*RECORD EXTRACTS*
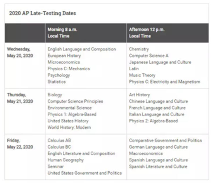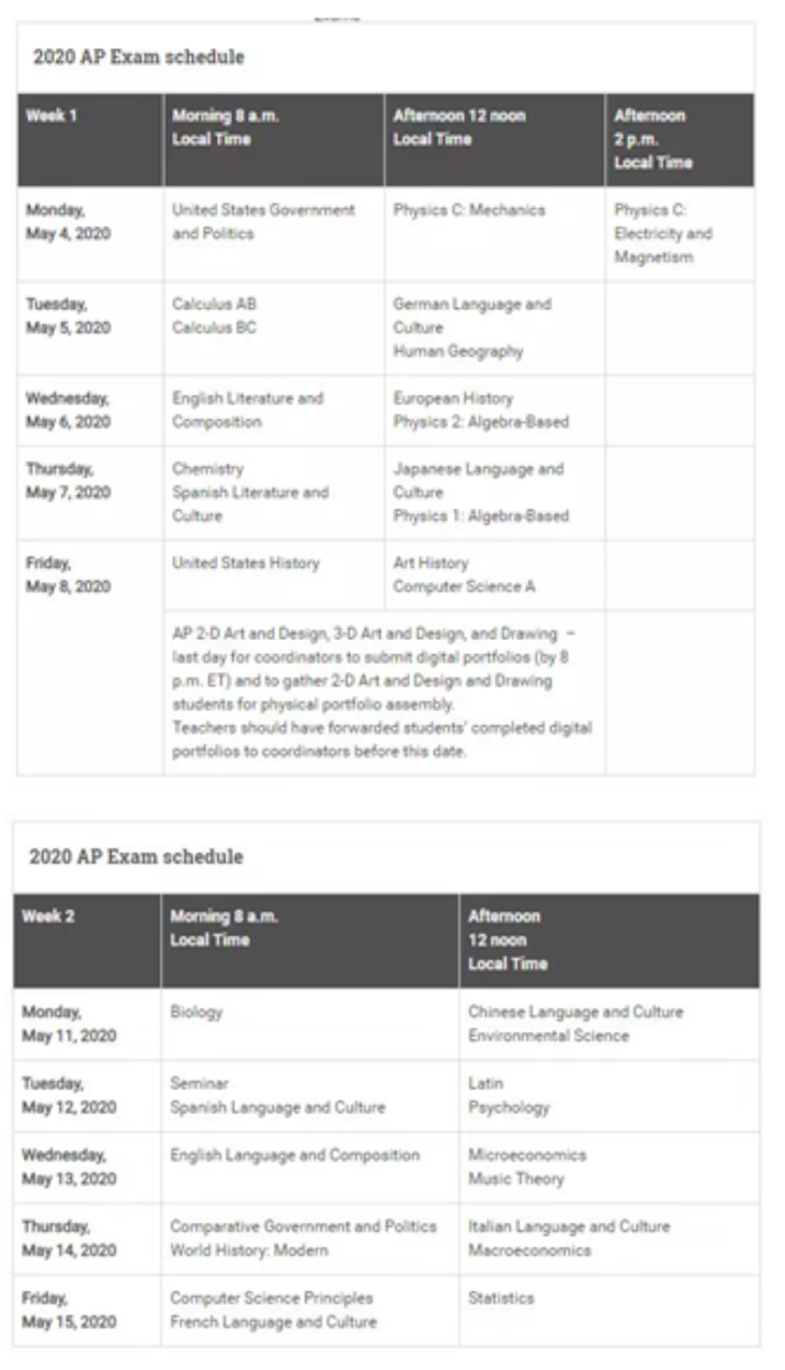 以下是2020年的AP考试时间,从5月4号持续到5月22号。
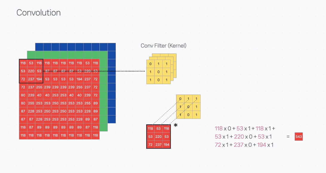 간단히 말하자면 입력 데이터에 Kernel이라고 불리는 필터를 적용해서 값을 계산하는 과정이다.
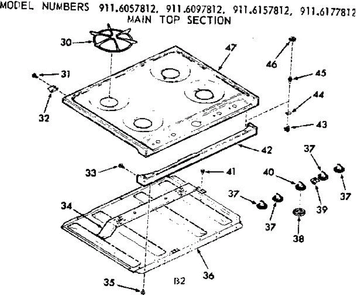 Parts for Kenmore 911.6157812 (9116157812, 911 6157812): Main Top Section Parts
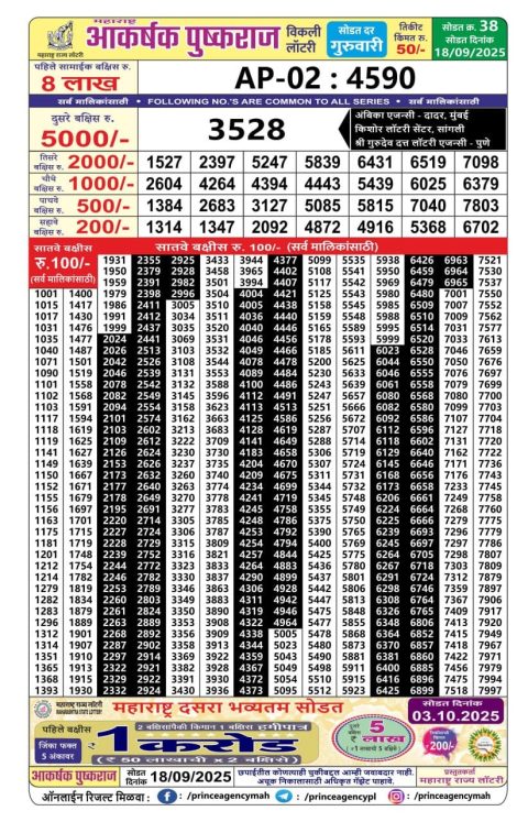 Maharashtra Weekly Lottery 4.15PM Result 18.09.2025
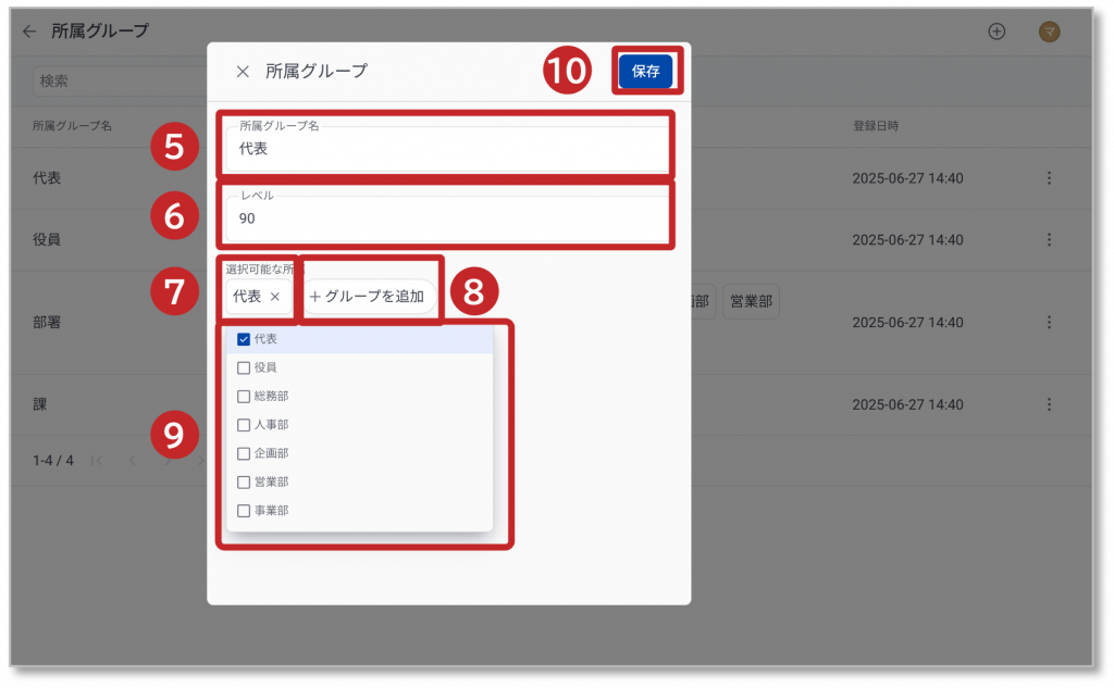 ⑩ 「保存」をクリックすると、編集した 所属グループ情報が登録されます。
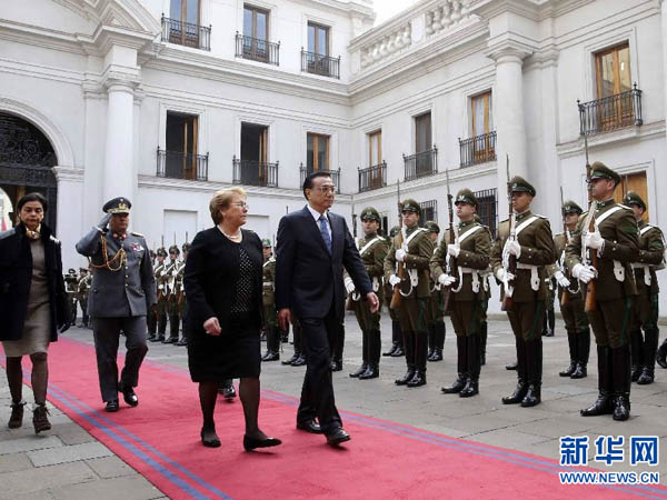 Der chinesische Ministerpr?sident Li Keqiang ist in Santiago de Chile mit der chilenischen Pr?sidentin Michelle Bachelet zu Gespr?chen zusammengetroffen.
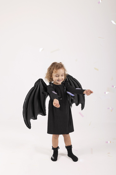 Balon w kształcie skrzydeł nietoperza w efektownym, czarnym kolorze z gwiazdkami.
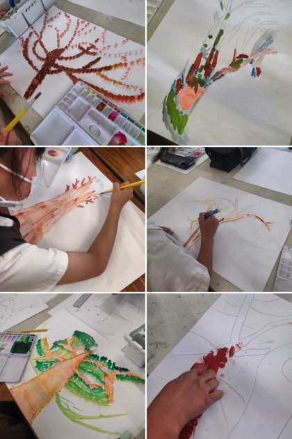 今日は、木の下絵をもとに絵の具で色をつけていきます。
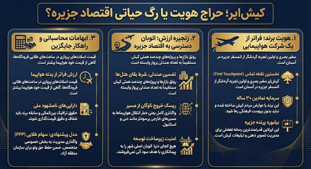 در دنیای مدرنِ گردشگری، ایرلاین اختصاصی یک مقصد، صرفاً یک وسیله حملونقل نیست؛ بلکه «نخستین نقطه تماس» (First Touchpoint) و قدرتمندترین رسانه تعاملی آن منطقه است. کیشایر، سفیر بصری و هویت برند جزیره در آسمان کشور است. واگذاری صددرصدی این شرکت به جریانی که صرفاً نگاه ترازنامهای دارد، به معنای سپردنِ «مدیریت تصویر و هویت کیش» به دست افرادی است که تعهدی به استراتژیهای کلان تبلیغاتی و گردشگری جزیره ندارند. ما نمیتوانیم میلیاردها تومان صرف تبلیغات محیطی برای جذب توریست کنیم، اما اختیار پروازی که قرار است آن توریست را بیاورد، در دست نداشته باشیم.
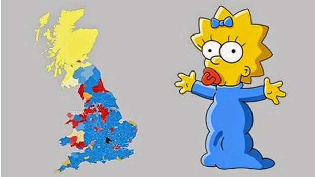 It soon became clear that the Scottish National Party were sweeping Scotland with a swathe of yellow constituencies. With much of the rest of England and Wales being coloured blue or red, the comparisons with Maggie Simpson began proliferating our social media feeds.
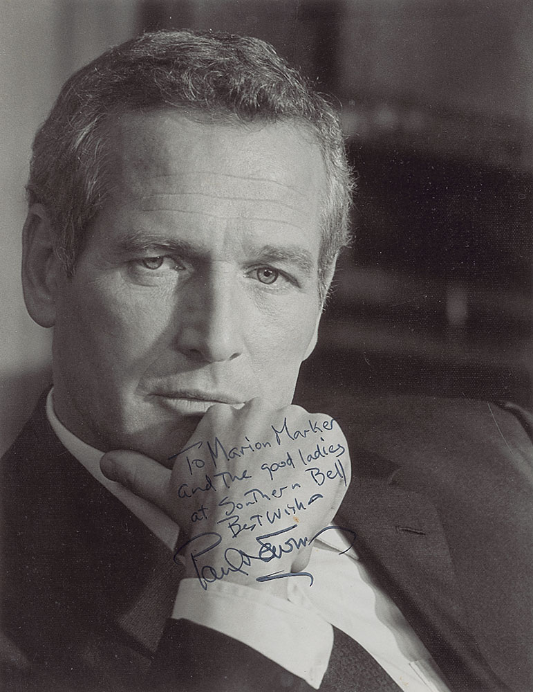 Semi-glossy 7.5 x 9.5 cardstock close-up photo of Newman deep in thought, signed and inscribed in black felt tip “To Marion Marker and the good ladies at Southern Bell, best wishes, Paul Newman.” In fine condition. Pre-certified PSA/DNA and RR Auction COA.
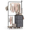 Made with a sturdy metal frame for added stability, this freestanding organizer features two hanging rails, three side hooks, and two wooden shelves, providing ample space for both hanging and folded clothes. Additionally, the fold-down fabric drawers have easy-grip handles, offering a convenient storage solution and saving space when not in use. With an industrial touch, this clothes rack is a versatile solution, perfect for the bedroom, entryway, or laundry room. For added peace of mind, an anti-fall device is integrated for enhanced safety.
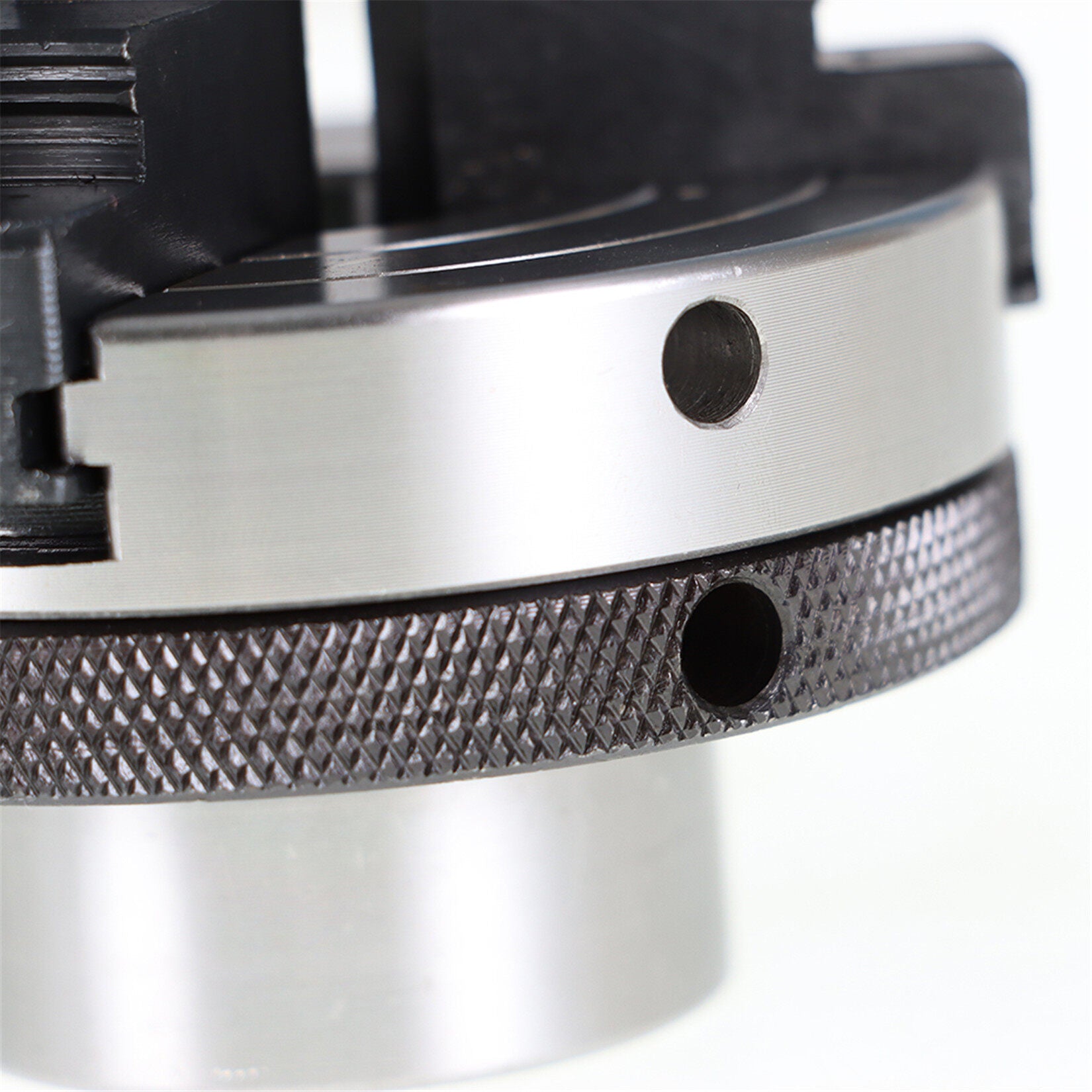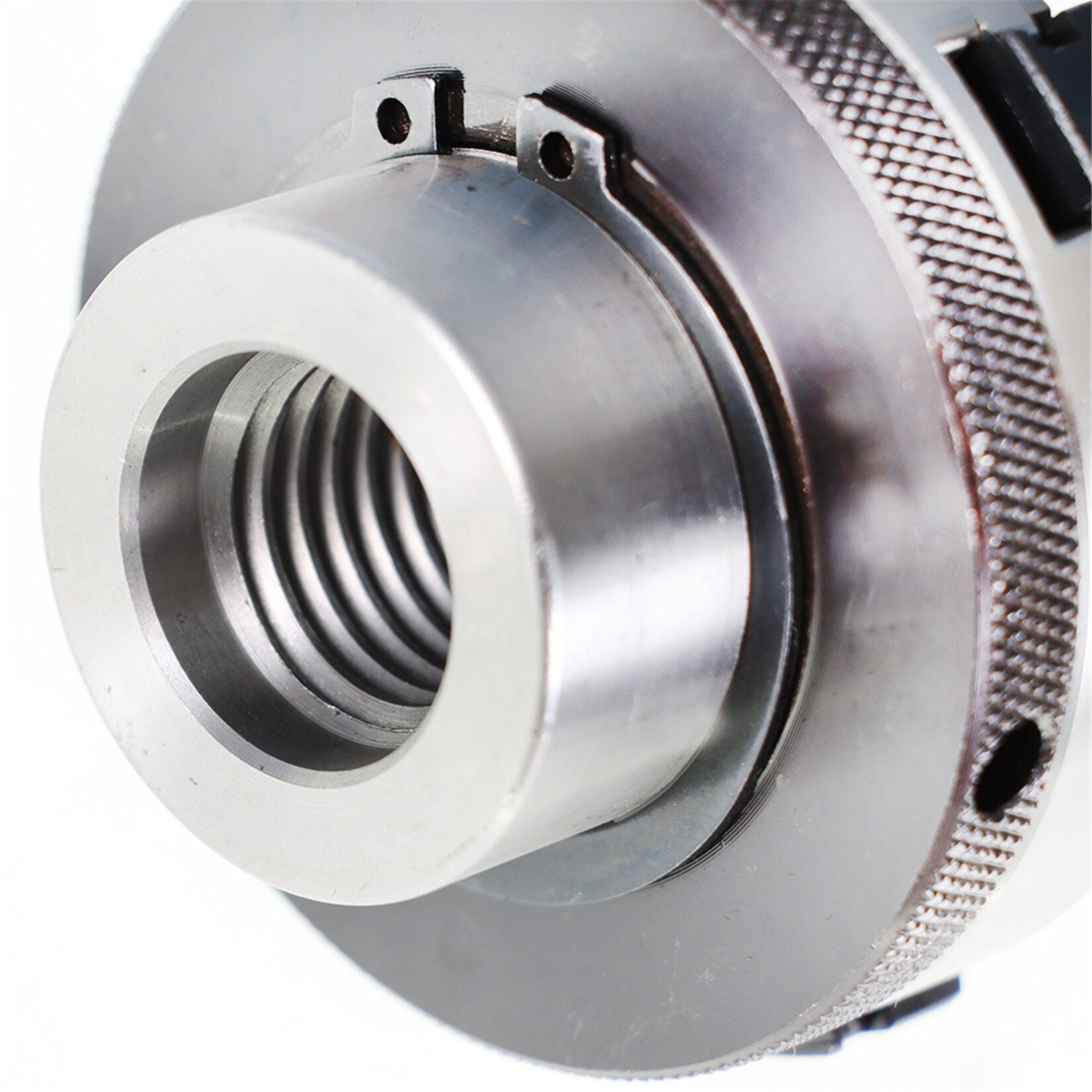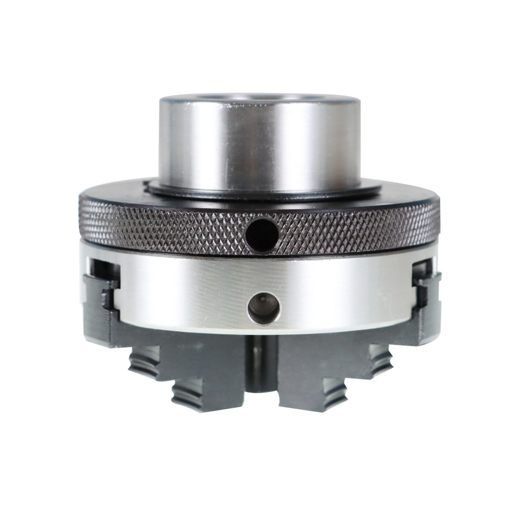 This self-centering style 3-Jaw Chuck has reversible stepped jaws for internally or externally holding a variety of round or square workpiece sizes. Setup is quick and easy by twisting the knurled adjustment plate on the back of the chuck.
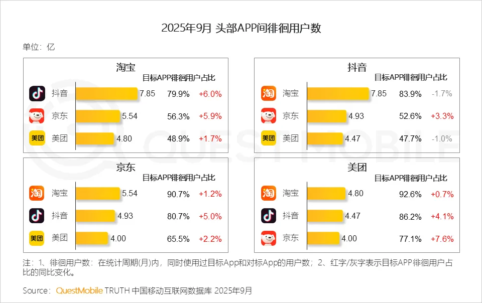 互联网平台的业务边界加速消融,各方正凭借其核心优势积极跨界,2025年市场竞争从外卖大战拓展至即时零售领域,与此同时,直播电商、AI等新兴领域的竞争也全面展开,淘宝、京东、抖音、美团APP间用户重合度持续提升,表明平台间的竞争已从单一业务层面转向综合生态体系的全方位较量。
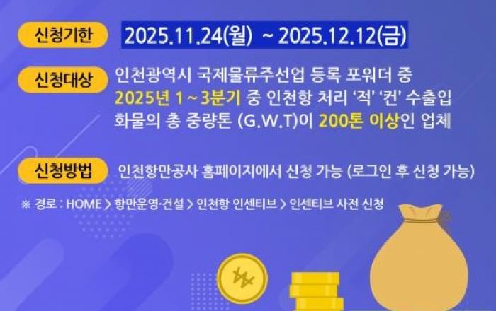 인천시시와 인천항만공사는 인천지역 물류업계 지원을 통한 인천항 물동량 증대를 위해 ‘2025년도 인천시 포워더* 인센티브’ 지원기업을 내달 12일까지 모집한다고 23일 밝혔다.2020년 시작한 ‘인천시 포워더 인센티브’는 지난해까지 248개 기업에 누적 6억 2,600
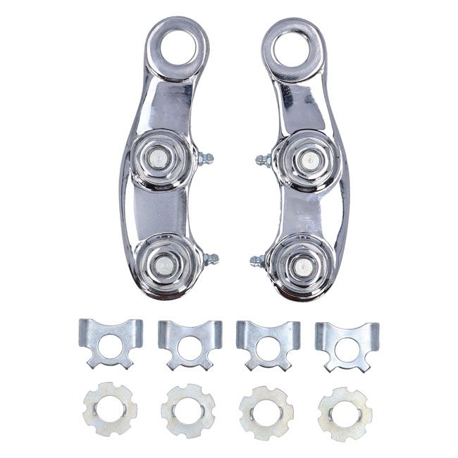 Replacement rocket set for +16" & +20" Springer forks. Chr.Chrome plated finish. Includes rocker side plates only. For 3/4" (19mm) wheel axle. Compatible with overstock +16" and + 18" reproduction style Springers.
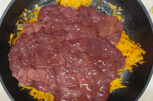 Add the liver, sauté the ingredients, stirring regularly, until cooked for 10-15 minutes.
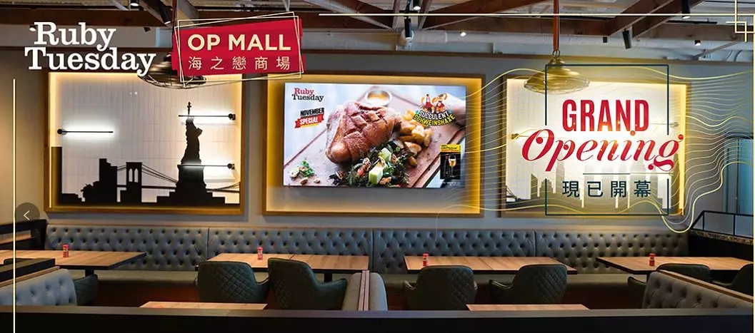 星空电竞科技是Ruby Tuesday连锁餐厅智慧化项目的方案提供商。星空电竞承担了整个餐厅的多媒体信息系统架构的设计以及终端媒体播放器的安装和部署,帮助餐厅实现了6屏拼接、4屏拼接及86寸超大屏显示,使餐厅的商业环境和品牌形象得到了极大的提升。
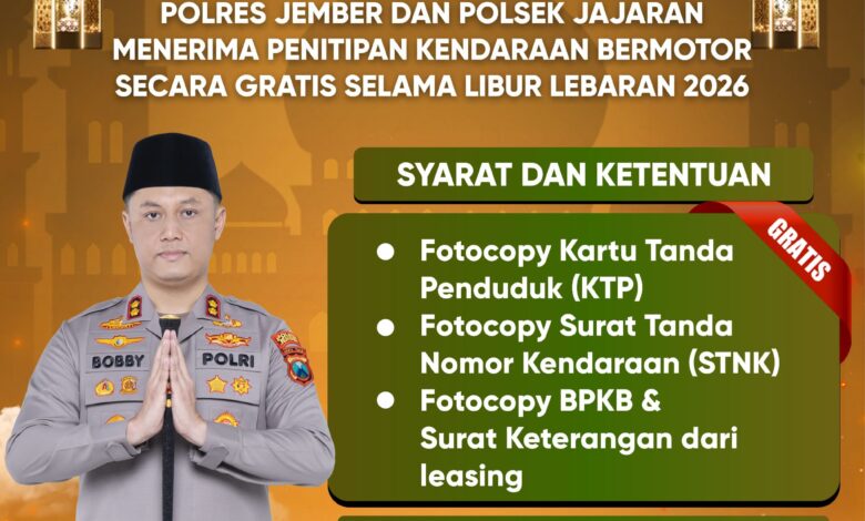 Menyambut momen mudik Lebaran 2026, Polres Jember bersama seluruh Polsek jajaran menghadirkan layanan penitipan kendaraan bermotor secara gratis bagi masyarakat. Program ini bertujuan memberikan rasa aman dan nyaman bagi warga yang meninggalkan rumah untuk pulang ke kampung halaman.

*TO DO*
Print the full listing above exactly. Pictures stay out of the copy.

*REPLY TO THE EXERCISE*
 以下是2020年的AP考试时间,从5月4号持续到5月22号。
 간단히 말하자면 입력 데이터에 Kernel이라고 불리는 필터를 적용해서 값을 계산하는 과정이다.
 Parts for Kenmore 911.6157812 (9116157812, 911 6157812): Main Top Section Parts
 Maharashtra Weekly Lottery 4.15PM Result 18.09.2025
 ⑩ 「保存」をクリックすると、編集した 所属グループ情報が登録されます。
 Der chinesische Ministerpr?sident Li Keqiang ist in Santiago de Chile mit der chilenischen Pr?sidentin Michelle Bachelet zu Gespr?chen zusammengetroffen.
 Balon w kształcie skrzydeł nietoperza w efektownym, czarnym kolorze z gwiazdkami.
 今日は、木の下絵をもとに絵の具で色をつけていきます。
 در دنیای مدرنِ گردشگری، ایرلاین اختصاصی یک مقصد، صرفاً یک وسیله حملونقل نیست؛ بلکه «نخستین نقطه تماس» (First Touchpoint) و قدرتمندترین رسانه تعاملی آن منطقه است. کیشایر، سفیر بصری و هویت برند جزیره در آسمان کشور است. واگذاری صددرصدی این شرکت به جریانی که صرفاً نگاه ترازنامهای دارد، به معنای سپردنِ «مدیریت تصویر و هویت کیش» به دست افرادی است که تعهدی به استراتژیهای کلان تبلیغاتی و گردشگری جزیره ندارند. ما نمیتوانیم میلیاردها تومان صرف تبلیغات محیطی برای جذب توریست کنیم، اما اختیار پروازی که قرار است آن توریست را بیاورد، در دست نداشته باشیم.
 It soon became clear that the Scottish National Party were sweeping Scotland with a swathe of yellow constituencies. With much of the rest of England and Wales being coloured blue or red, the comparisons with Maggie Simpson began proliferating our social media feeds.
 Semi-glossy 7.5 x 9.5 cardstock close-up photo of Newman deep in thought, signed and inscribed in black felt tip “To Marion Marker and the good ladies at Southern Bell, best wishes, Paul Newman.” In fine condition. Pre-certified PSA/DNA and RR Auction COA.
 Made with a sturdy metal frame for added stability, this freestanding organizer features two hanging rails, three side hooks, and two wooden shelves, providing ample space for both hanging and folded clothes. Additionally, the fold-down fabric drawers have easy-grip handles, offering a convenient storage solution and saving space when not in use. With an industrial touch, this clothes rack is a versatile solution, perfect for the bedroom, entryway, or laundry room. For added peace of mind, an anti-fall device is integrated for enhanced safety.
 This self-centering style 3-Jaw Chuck has reversible stepped jaws for internally or externally holding a variety of round or square workpiece sizes. Setup is quick and easy by twisting the knurled adjustment plate on the back of the chuck.
 互联网平台的业务边界加速消融,各方正凭借其核心优势积极跨界,2025年市场竞争从外卖大战拓展至即时零售领域,与此同时,直播电商、AI等新兴领域的竞争也全面展开,淘宝、京东、抖音、美团APP间用户重合度持续提升,表明平台间的竞争已从单一业务层面转向综合生态体系的全方位较量。
 인천시시와 인천항만공사는 인천지역 물류업계 지원을 통한 인천항 물동량 증대를 위해 ‘2025년도 인천시 포워더* 인센티브’ 지원기업을 내달 12일까지 모집한다고 23일 밝혔다.2020년 시작한 ‘인천시 포워더 인센티브’는 지난해까지 248개 기업에 누적 6억 2,600
 Replacement rocket set for +16" & +20" Springer forks. Chr.Chrome plated finish. Includes rocker side plates only. For 3/4" (19mm) wheel axle. Compatible with overstock +16" and + 18" reproduction style Springers.
 Add the liver, sauté the ingredients, stirring regularly, until cooked for 10-15 minutes.
 星空电竞科技是Ruby Tuesday连锁餐厅智慧化项目的方案提供商。星空电竞承担了整个餐厅的多媒体信息系统架构的设计以及终端媒体播放器的安装和部署,帮助餐厅实现了6屏拼接、4屏拼接及86寸超大屏显示,使餐厅的商业环境和品牌形象得到了极大的提升。
 Menyambut momen mudik Lebaran 2026, Polres Jember bersama seluruh Polsek jajaran menghadirkan layanan penitipan kendaraan bermotor secara gratis bagi masyarakat. Program ini bertujuan memberikan rasa aman dan nyaman bagi warga yang meninggalkan rumah untuk pulang ke kampung halaman.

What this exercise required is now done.